As I pointed out in a discussion about RT #121025 (see [1]) we only keep
having this discussion because until now we've had no facility to add
new warnings outside of the default set that'll be retroactively enabled
for everything that does 'use warnings'. This patch introduces such a
facility.
As a proof of concept I'm adding a warning for something that was added
as a warning in the past, but pulled out because it was deemed too
controversial at the time: warning about the use of grep in void
context.
That warning was added back in v5.10.0-218-g74295f0 but quickly pulled
out in v5.10.0-230-gf5df478. See [2] for the discussion about it at the
time.
Now if you do:
use warnings;
grep /42/, (1,2);
You'll get no warnings as before, but if you do:
use warnings qw(extra); # Or its sole subcategory: void_unusual
grep /42/, (1,2);
You'll get a warning about "Unusual use of grep in void context". To
turn off this warning once you've turned it on it's *not* sufficient to
do:
no warnings;
You need to do:
no warnings qw(pedantic);
Or:
no warnings qw(everything);
I'm willing to change that, but first we should ask ourselves whether
this should continue to remain a symmetric operation:
{use,no} warnings ['all'];
There's more elaboration on how this works in the changes I'm making to
the perldelta and the warnings documentation. But briefly this should be
100% backwards compatible, but allow us to have our cake and eat it too
in the future by adding new warnings without imposing them on existing
code written against older perl versions (unless that code explicitly
requested to get new warnings as they upgrade perl).
The patch to the warnings.pm documentation lays out a backwards
compatibility policy for warnings, we promise that we'll continue the
status quo with the "all" category, but for other categories (including
future additions) we'll make such promises on a per-category basis.

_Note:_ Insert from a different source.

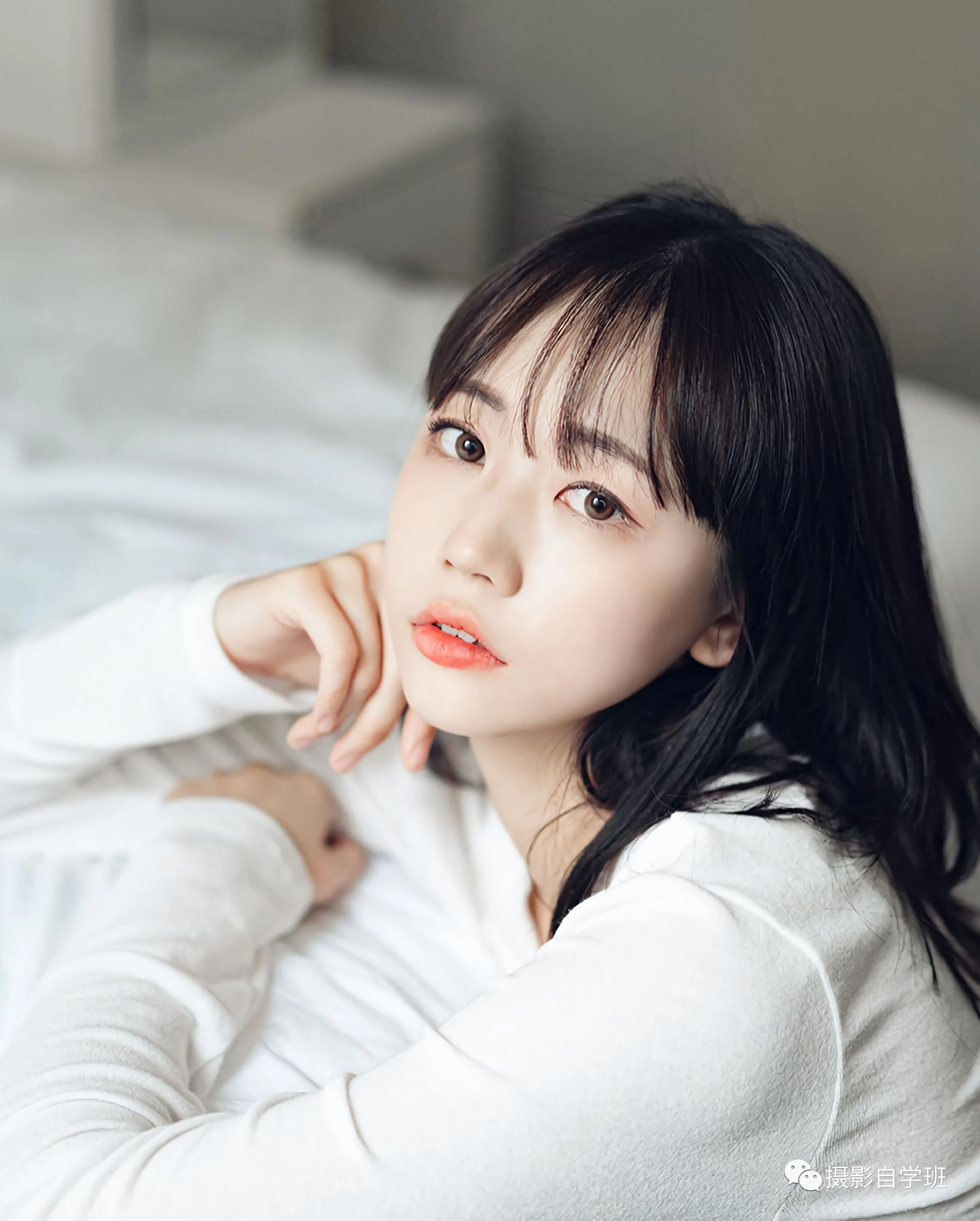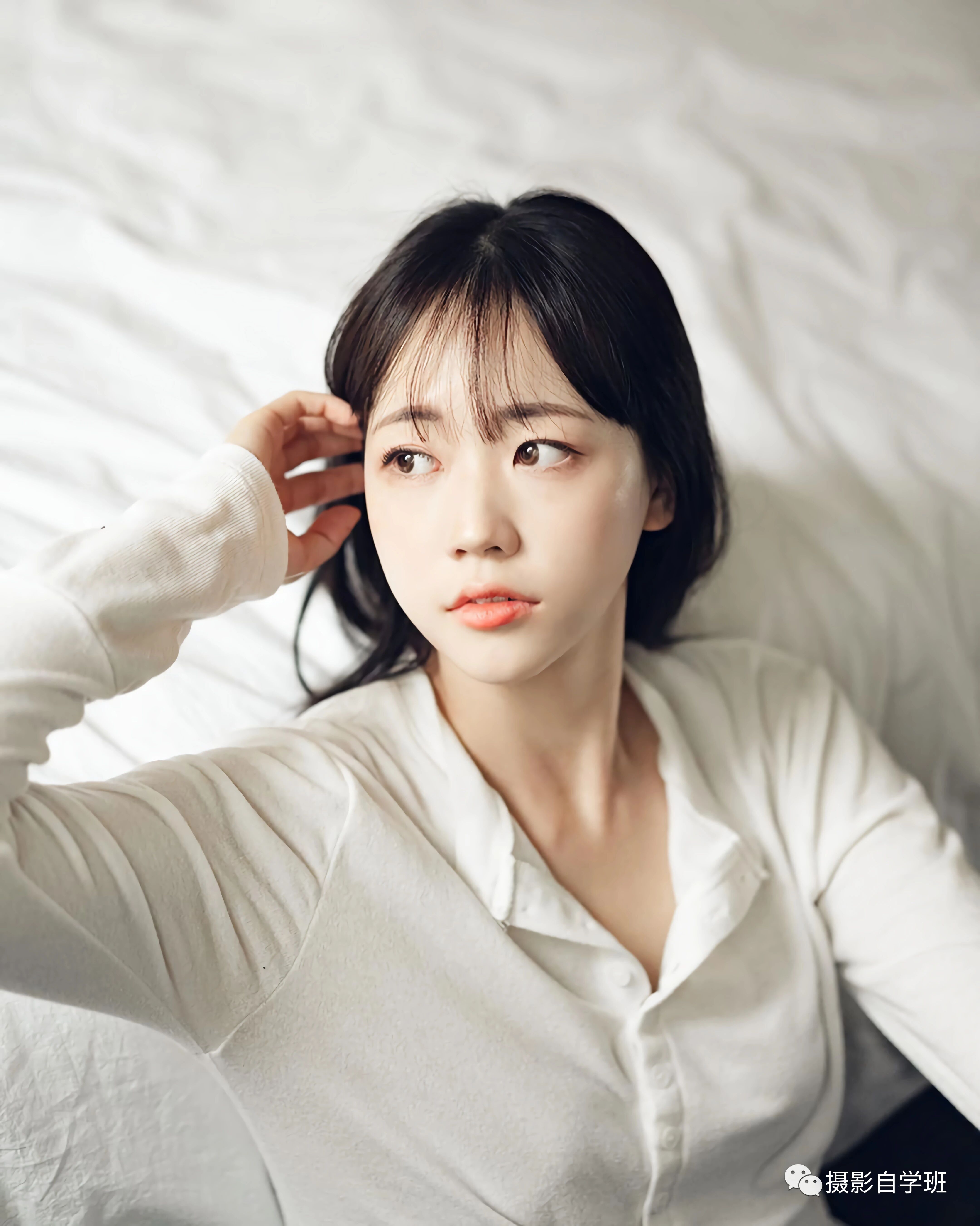 在家中怎么能摆出好看的姿势呢?我们完全可以用好家中的床铺,人穿的衣服和床铺,都是白色,让照片显得更加纯洁,可以像上图一样,一个手留头发,眼睛看向窗外,窗口光可以为人的面部进行补光,还可以像下图这样,趴在床上,一个手放到床上,另一个手放在下巴处,看着镜头,姿势和环境都可以拍出一种放松的感觉。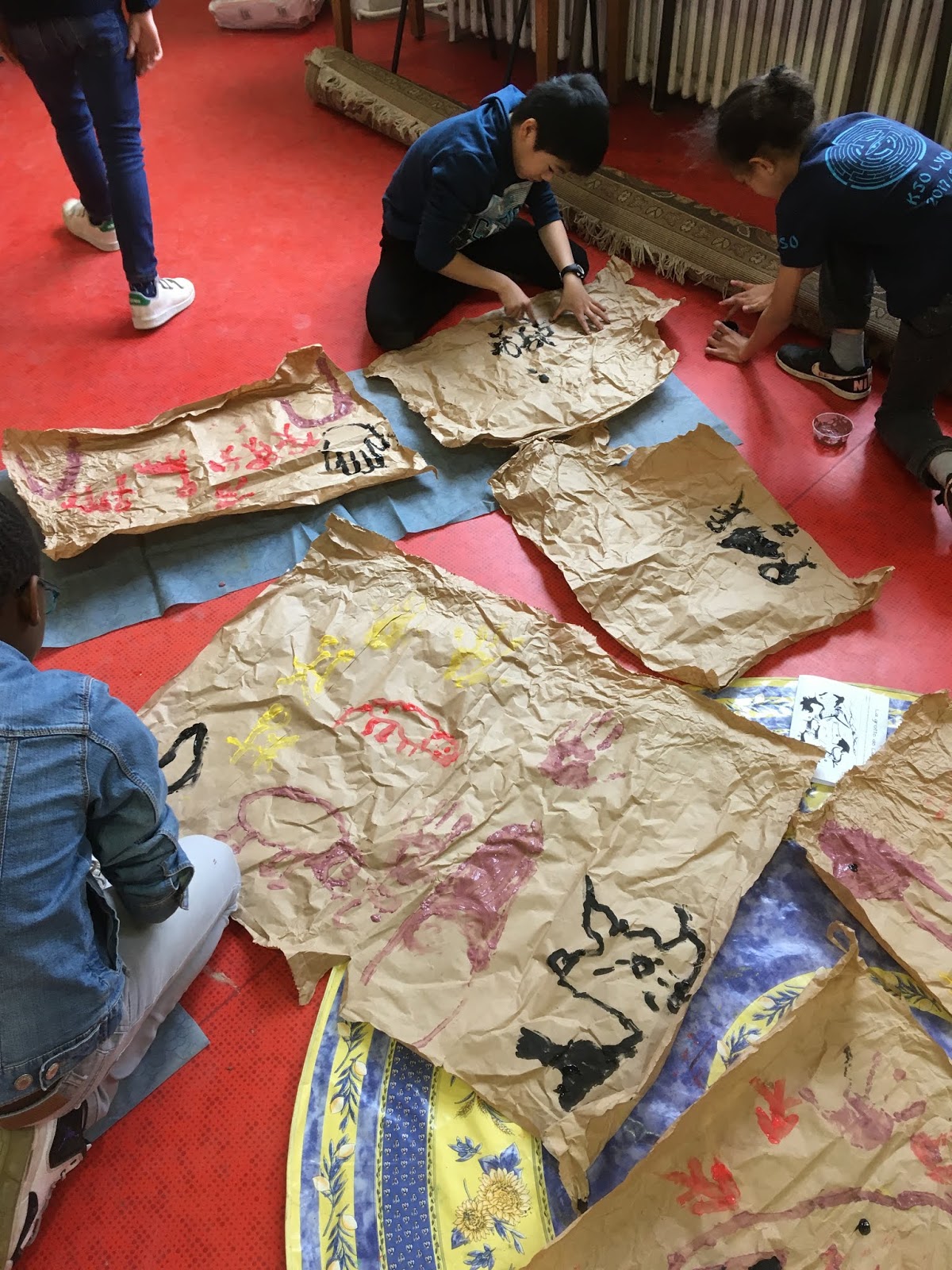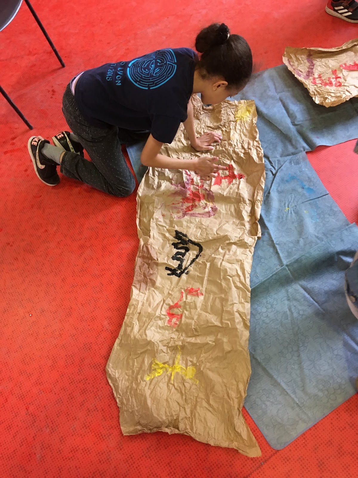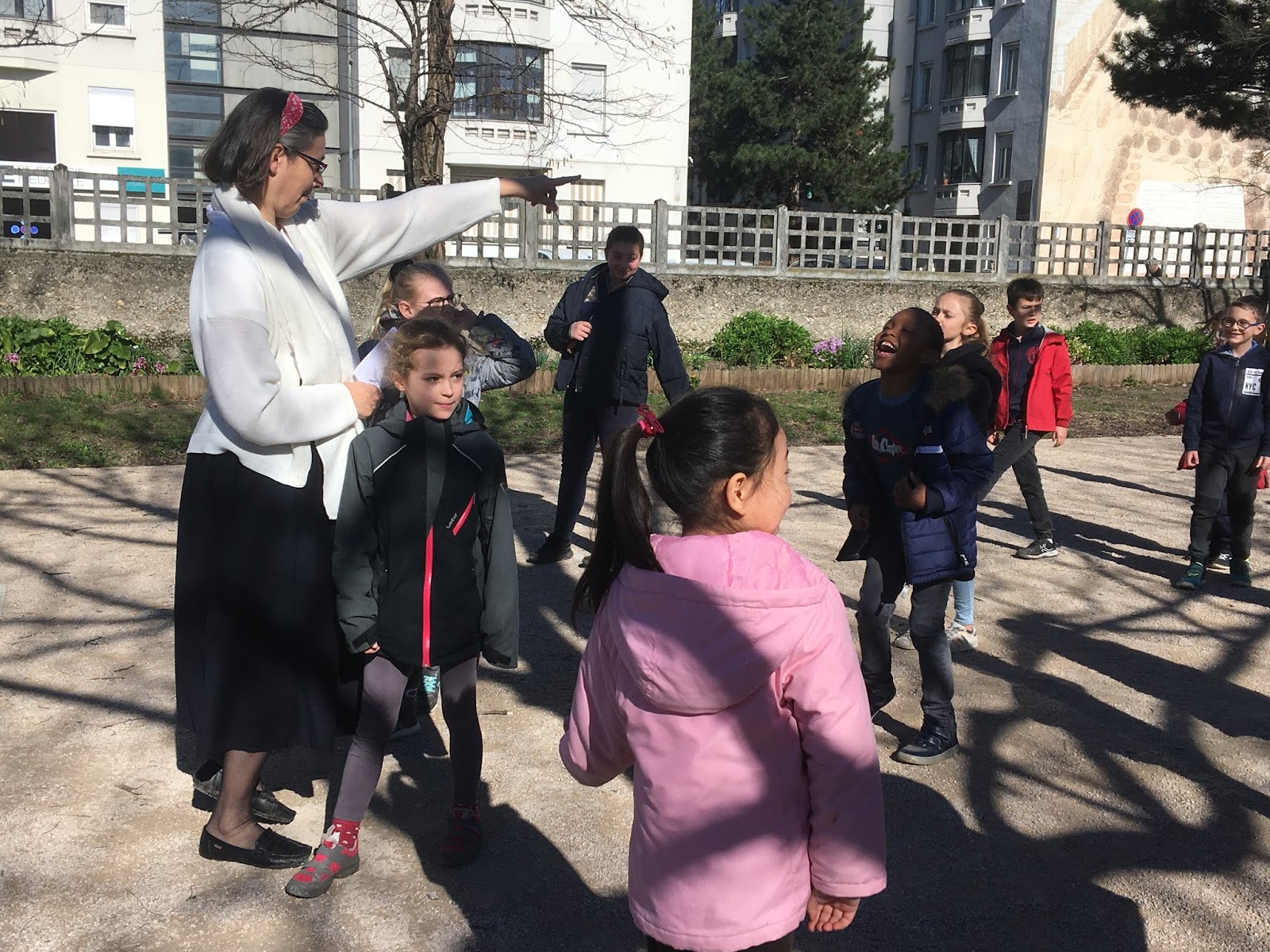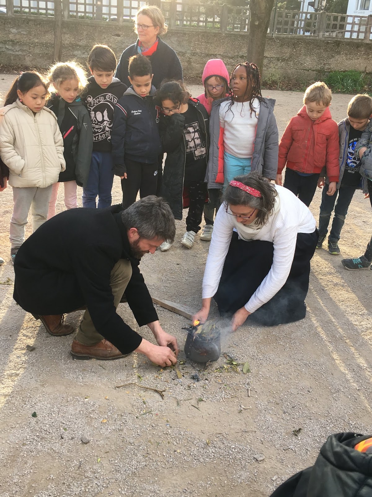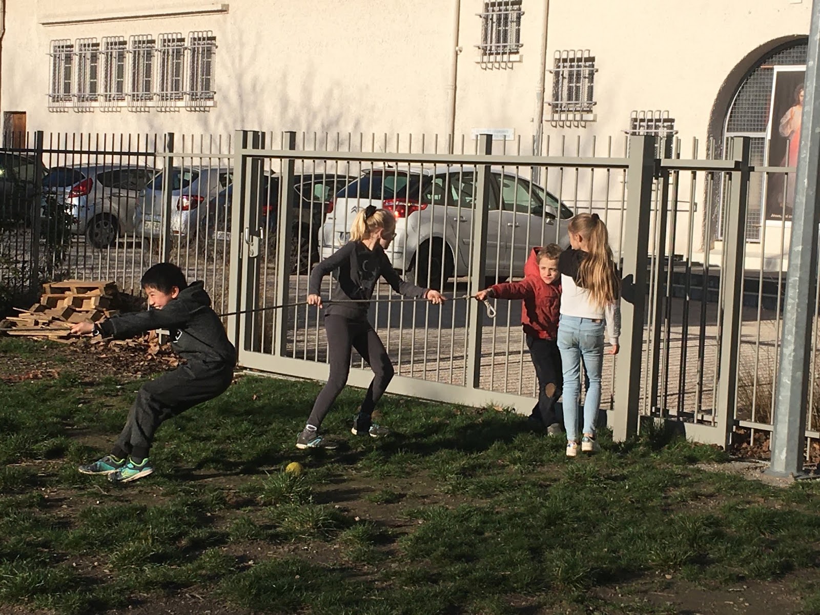 Pendant ce temps, l’autre groupe, pour se réchauffer, faisait un morpion géant et un « Chifoumi »

TODO: I wanted to come up with some more general facility for being able
to add these new warnings without altering the behavior of the -w and -W
switches. I.e. now we'll emit this, as intended:
$ ./perl -Ilib -w -e 'grep /42/, (1,2)'
$ ./perl -Ilib -W -e 'grep /42/, (1,2)'
$ ./perl -Ilib -e 'use warnings; grep /42/, (1,2)'
$ ./perl -Ilib -e 'use warnings "extra"; grep /42/, (1,2)'
Unusual use of grep in void context at -e line 1.
I.e. we don't want -w and -W to mean "use warnings 'everything'", it
should continue to mean "use warnings 'all'". But due to how they're
implemented I couldn't find an easy way to generalize this. Right now
I'm just hardcoding an exception to the new warning category I've added
outside "all" for these warnings.
That should be followed-up with a more general solution, but for now if
we only have a few of these catogeries we should be fine.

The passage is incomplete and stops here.